◆ How to complete this task:
Go through the listing and set it down exactly, leaving out its pictures.

◆ Source data:
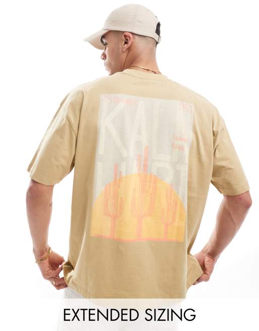 ASOS DESIGN – Oliwkowoszary T-shirt oversize z nadrukiem na plecach
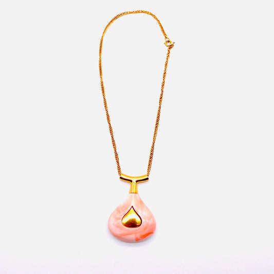 Trifari Coral Toned Lucite Pendant on a Chain
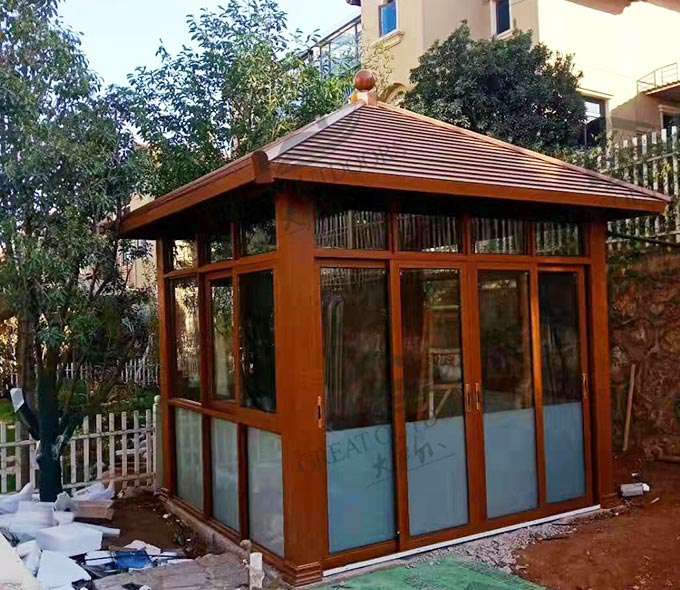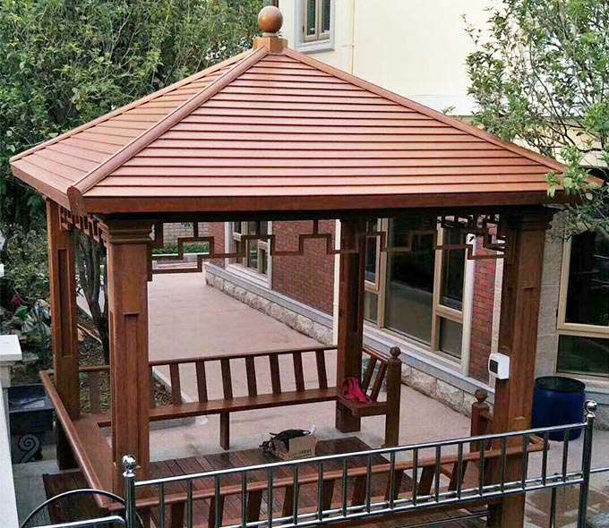 成都笑宇人工智能服务有限公司凉亭系列产品是采用高强度铝合金为原材料,经酸洗铬化,电泳或静电喷涂,木纹转印处理后,精密定制设计,保障安装。它具有防水防潮,不膨胀不变形,防腐蚀,具有逼真的木质感。成为别墅住宅及市政园林等建筑美丽的风景。
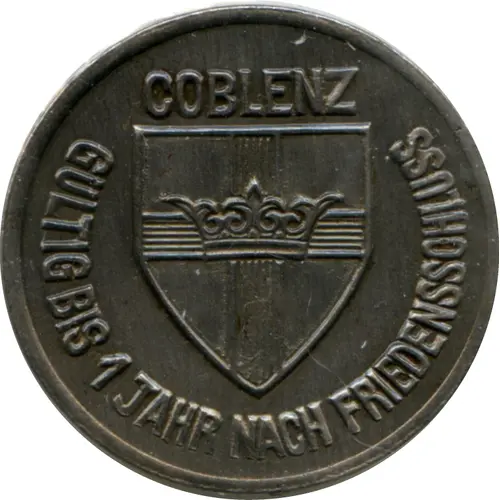 | Obverse lettering | COBLENZ GÜLTIG BIS 1 JAHR NACH FRIEDENSSCHLUSS |

◆ Solution to this exercise:
 ASOS DESIGN – Oliwkowoszary T-shirt oversize z nadrukiem na plecach
 Trifari Coral Toned Lucite Pendant on a Chain
 成都笑宇人工智能服务有限公司凉亭系列产品是采用高强度铝合金为原材料,经酸洗铬化,电泳或静电喷涂,木纹转印处理后,精密定制设计,保障安装。它具有防水防潮,不膨胀不变形,防腐蚀,具有逼真的木质感。成为别墅住宅及市政园林等建筑美丽的风景。
 | Obverse lettering | COBLENZ GÜLTIG BIS 1 JAHR NACH FRIEDENSSCHLUSS |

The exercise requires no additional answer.